The slow burn blazed in 1950, when Nixon ran a successful Red-baiting campaign for the U.S. Senate against his Democratic opponent— Helen Gahagan Douglas - and Warren refused to endorse him. Nixon and his friends were outraged. “Unless a man is a crook he is entitled to the united support of the party he represents,” Nixon’s mentor, banker Herman Perry, wrote the congressman. Warren’s actions would “not go well with me and 80 percent of the real Republicans.”
When Warren stumbled during the Republican presidential primaries in 1952, Nixon’s wife, Pat, gloated in a letter to a friend. “Warren’s showing in Oregon was sad,” she wrote. “I’m not crying.”
Nixon himself went further. He boarded the Warren campaign train as it made its way from Sacramento to the Republican convention in Chicago, and stealthily urged California’s delegates to support the governor’s rival, General Dwight Eisenhower. The episode became known in state political lore as “The Great Train Robbery.” At the convention, Nixon was tireless, securing the delegation for Ike on the key procedural votes that determined the nomination.
Warren, fuming, sent an envoy to Eisenhower. “We have a traitor in our delegation,” he charged. “It’s Nixon.” But Ike declined to act. In fact, he told the envoy, Nixon was likely to be the general’s running mate. For “keeping the California delegation in line,” Nixon had been given a place atop the short list, Eisenhower’s campaign manager later confirmed.
The feuding reached full boil. At the California delegation caucus, Warren thanked his supporters for their help and publicly snubbed Nixon. “The slight was perfectly obvious, as it was intended to be,” one of Nixon’s friends recorded in a diary. Warren believed that “Dick was trying to sabotage him.”
From that day forward, “Warren hated Nixon,” longtime Republican fundraiser Asa Call remembered in an oral history. Over the years, Warren would tell people how “Nixon cut my throat from here to here,” and gesture with his finger across his neck. <...>
The quarrel ebbed until 1968, when Nixon launched yet another comeback, campaigning for the presidency. The smoldering fuse got fanned, and the resulting detonation transformed the Supreme Court nomination process.
Warren was ready to retire, but didn’t want Nixon to name his successor. He approached President Lyndon Johnson, and reached an agreement to have LBJ’s good friend and adviser, Supreme Court Justice Abe Fortas, promoted to chief justice after just a couple of years on the court.
Nixon would have none of it. Employing the reasoning used by today’s Republicans when they blocked Judge Merrick Garland’s nomination to the court last year, Nixon argued that “a new president with a fresh mandate” should fill the empty seat.

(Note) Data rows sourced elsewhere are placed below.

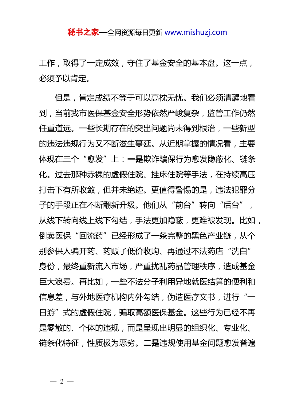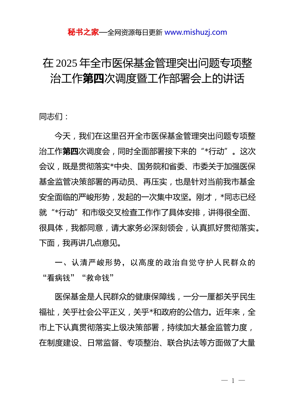 秘书之家—全网资源每日更新 www.mishuzj.com在 2025 年全市医保基金管理突出问题专项整治工作第四次调度暨工作部署会上的讲话同志们:今天,我们在这里召开全市医保基金管理突出问题专项整治工作第四次调度会,同时全面部署接下来的“*行动”。这次会议,既是贯彻落实*中央、国务院和省委、市委关于加强医保基金监管决策部署的再动员、再压实,也是针对当前我市基金安全面临的严峻形势,发起的一次集中攻坚。刚才,*同志已经就“*行动”和市级交叉检查工作作了具体安排,讲得很全面、很具体,我都同意,请大家务必深刻领会,认真抓好贯彻落实。下面,我再讲几点意见。一、认清严峻形势,以高度的政治自觉守护人民群众的“看病钱”“救命钱”医保基金是人民群众的健康保障线,一分一厘都关乎民生福祉,关乎社会公平正义,关乎*和政府的公信力。近年来,全市上下认真贯彻落实上级决策部署,持续加大基金监管力度,在制度建设、日常监督、专项整治、联合执法等方面做了大量— 1 —秘书之家—全网资源每日更新 www.mishuzj.com工作,取得了一定成效,守住了基金安全的基本盘。这一点,必须予以肯定。但是,肯定成绩不等于可以高枕无忧。我们必须清醒地看到,当前我市医保基金安全形势依然严峻复杂,监管工作仍然任重道远。一些长期存在的突出问题尚未得到根治,一些新型的违法违规行为又不断滋生蔓延。从近期掌握的情况看,主要体现在三个“愈发”上:一是欺诈骗保行为愈发隐蔽化、链条化。过去那种赤裸的虚假住院、挂床住院等手法,在持续高压打击下有所收敛,但并未绝迹。更值得警惕的是,违法犯罪分子的手段正在不断翻新升级。他们从“前台”转向“后台”,从线下转向线上线下勾结,手法更加隐蔽,更难被发现。比如,倒卖医保“回流药”已经形成了一条完整的黑色产业链,从个别参保人骗开药、药贩子低价收购、再通过不法药店“洗白”身份,最终重新流入市场,严重扰乱药品管理秩序,造成基金巨大浪费。再比如,一些不法分子利用异地就医结算的便利和信息差,与外地医疗机构内外勾结,伪造医疗文书,进行“一日游”式的虚假住院,骗取高额医保基金。这些行为已经不再是零散的、个体的违规,而是呈现出明显的组织化、专业化、链条化特征,性质极为恶劣。二是违规使用基金问题愈发普遍— 2 —秘书之家—全网资源每日更新 www.mishuzj.com化、常态化。在一些定点医药机构,违规似乎成了一种“潜规则”。有的医疗机构,在 dip 支付方式改革的背景下,不去钻研如何优化临床路径、提升服务效能,反而动起了“歪脑筋”,通过“高套分组”“分解住院”等方式,把小病当大病治,把简单病种套入复杂病组,以此套取更多的医保基金。有的定点药店,对处方审核形同虚设,无处方售药、超量开药现象屡见不鲜,甚至主动诱导参保人刷医保卡购买保健品、生活用品,把医保基金当成了“唐僧肉”。根据今年上半年市级抽查和大数据筛查情况,初步发现各类违规疑点线索超过 3000 条,同比增长约 15%,尤其在异地就医结算、特殊门诊购药等环节,违规行为组织化趋势明显,预估可能造成的基金损失数千万元。这些看似“金额不大”的违规行为,积少成多、聚沙成塔,正在不断侵蚀着基金的安全根基。三是基金监管的责任和能力愈发不适应新挑战。一方面,部分县市区和相关部门的重视程度仍然不够,责任压力传导存在“中梗阻”,存在“上热下冷”现象。有的地方满足于开了会、发了文,但在具体落实上办法不多、力度不够。个别监管人员存在“老好人”思想,执法失之于宽、失之于软。另一方面,我们的监管能力与违法手段的快速迭代相比,还存在明显差距。传统的现场检查模式,面对海量数据和隐形变异的违规行为,显得力不从心。大数据、人— 3 —秘书之家—全网资源每日更新 www.mishuzj.com工智能等现代信息技术的应用还不够深入,监管的精准性、预见性有待进一步提升。医保、卫健、公安、市场监管等部门之间的协同联动机制虽然已经建立,但在信息共享、线索移交、联合办案等方面的深度融合还需加强,尚未完全形成“一盘棋”的监管合力。同志们,以上这些问题,每一个都触目惊心,每一个都直接损害人...
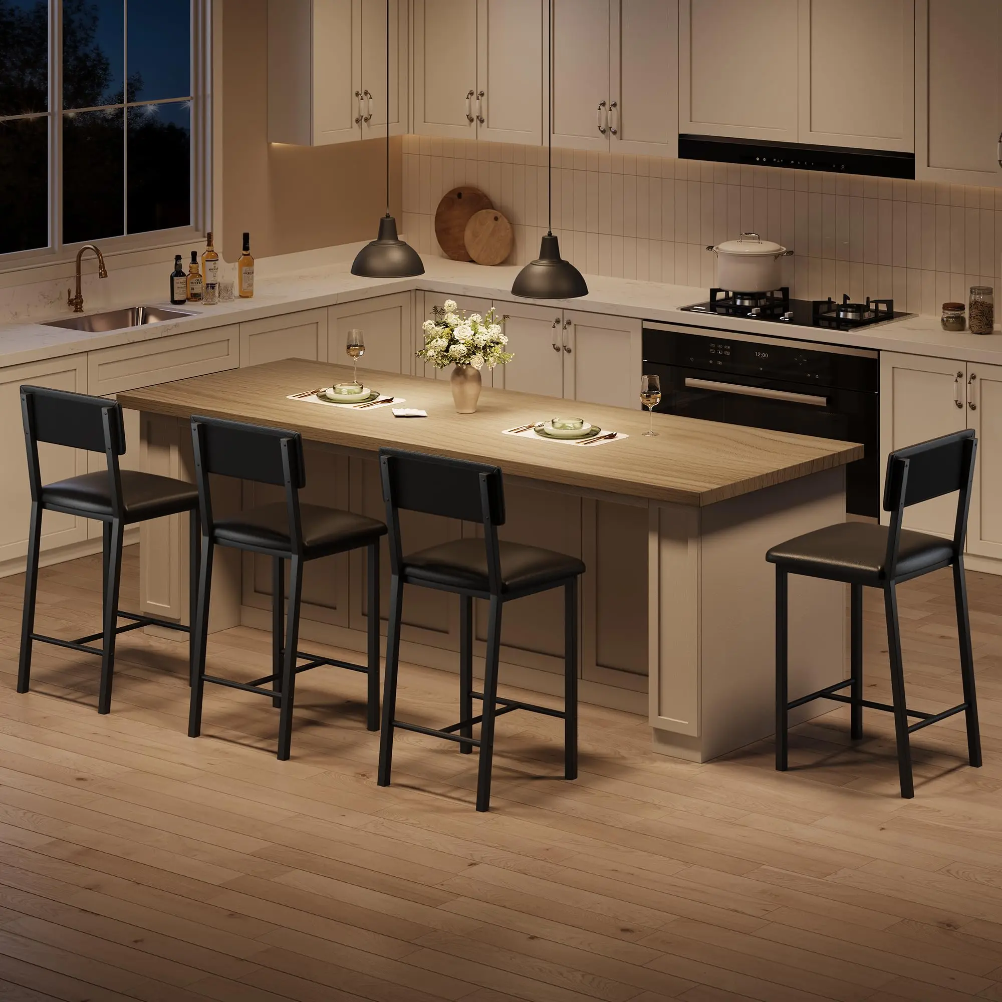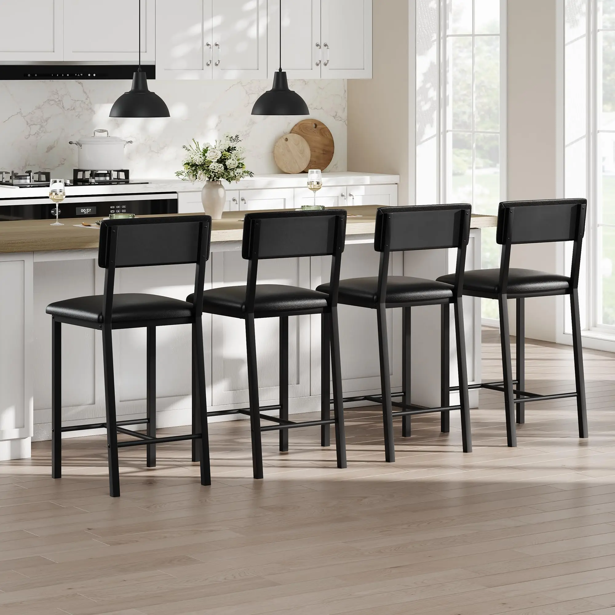 ↑Bar Stools Set of 4, Kitchen Barstools with Thick Cushion, 25 in Counter Height Bar Stools with Backrest and Footrest - TopDealBox
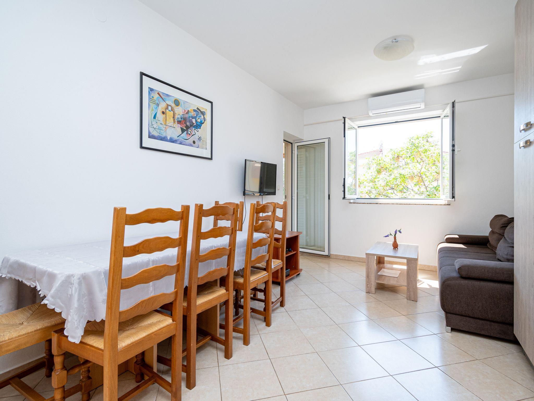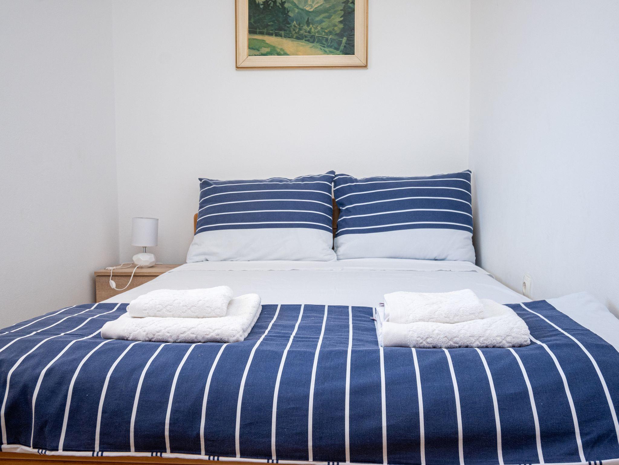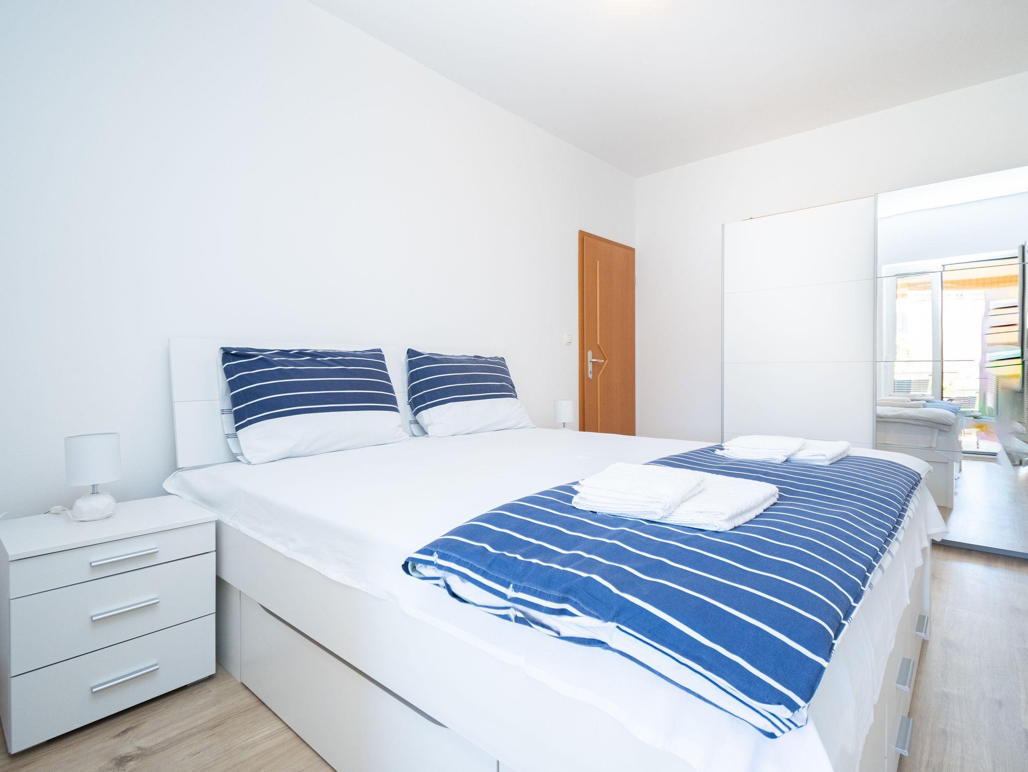 Ferienwohnung bietet Platz für 6 Gäste. Die Betten sind in Schlafzimmern, die es 3 gibt, innerhalb einer Gesamtfläche von 55m2, angeordnet. Die Gäste haben eine eigene Terrasse zur Verfügung, auf der sie in warmen Sommernächten genießen können. Das Apartment bietet Meerblick. Es ist erlaubt, Speisen auf dem Gemeinschafts-Grill vorzubereiten. In der Unterkunftseinheit besteht die Möglichkeit des Mitbringens von Haustieren gegen Aufpreis. IM PREIS INBEGRIFFEN: Kurtaxe, Endreinigung, Klimatisierung, Parkplatz, Internet, Wäschewaschen, Bootsanlegeplatz, Kinderbett, Föhn, Sonnenschirm, Liegestühle. UNVERBINDLICHE ZUSÄTZLICHE KOSTEN: Haustiere (15,00 € pro Nacht). Die Verfügbarkeit zusätzlicher Dienstleistungen in Ihrem reservierten Termin und die Preise derselben (falls nicht aufgeführt) müssen im Voraus überprüft werden. Zusätzliche Dienstleistungen die in der Zahlungsaufforderung nicht aufgeführt sind werden direkt beim Vermieter bezahlt, angenommen der Gast nutzt auch diese. Ermäßigung auf den Grundpreis: Gratistag 14=13 (bei einem Aufenthalt von 14 Tagen oder mehr erhalten Sie einen Gratistag für den Aufenthalt bis 31.12.26).
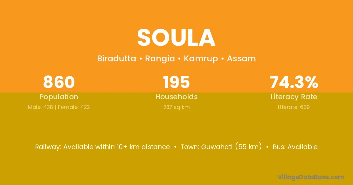 Guwahati (55 km) is the nearest town to Soula village for major economic activities and is located approximately 55 km away.
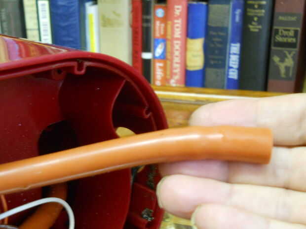 Otras cafeteras sólo tienen una manguera... pero el Señor café cuenta con una válvula dentro de la manguera. Es una válvula que controla el flujo de agua... pero esta válvula es muy pequeña y obstruye fácilmente.  Mina tenía un pedazo pequeño de restos de café que se pega a él que mantienen la válvula obstruida.   Basta con retirar la mugre... y corrige la obstrucción.  Para desmontar la válvula... simplemente apriete la manguera y empuja derecho hacia fuera.  Al instalar la válvula, asegúrese de poner derecha hacia atrás para arriba.  El siguiente paso muestra un cierre de la válvula para que pueda ver qué buscar.
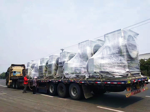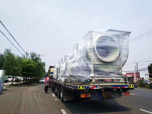 上個月山東某客戶在我司訂購的一批6臺14C75KW的玻璃鋼離心風(fēng)機(jī)今天發(fā)貨,之所以交貨期多達(dá)一個月,主要是因為這一批風(fēng)機(jī)使用的電動機(jī)為變頻防爆專用電機(jī),電機(jī)需要進(jìn)行定制。在發(fā)貨前使用透明塑料模對風(fēng)機(jī)進(jìn)行了整體的包裹。
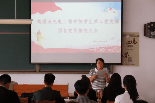 5月27日下午,公司员工第二党支部于15号教学楼338教室举行2021年预备党员接收大会。员工第二党支部书记王芳,支部全体党员以及本次的接收对象参加会议,会议由王芳主持。

Senate Republicans went to work, filibustered, and blocked the Fortas nomination. Warren was compelled to stay on, with the sour duty of swearing-in Nixon as the 37th president in January 1969.
Senate Democrats, however, seethed at the manner in which Fortas was treated. Their wrath grew downright broiling when reports from the Nixon Justice Department confirmed that Fortas was on a $20,000-a-year retainer from a convicted financier. Fortas resigned in May, and Warren, not getting any younger, finally stepped down from his seat in June. Nixon would now have two seats to fill.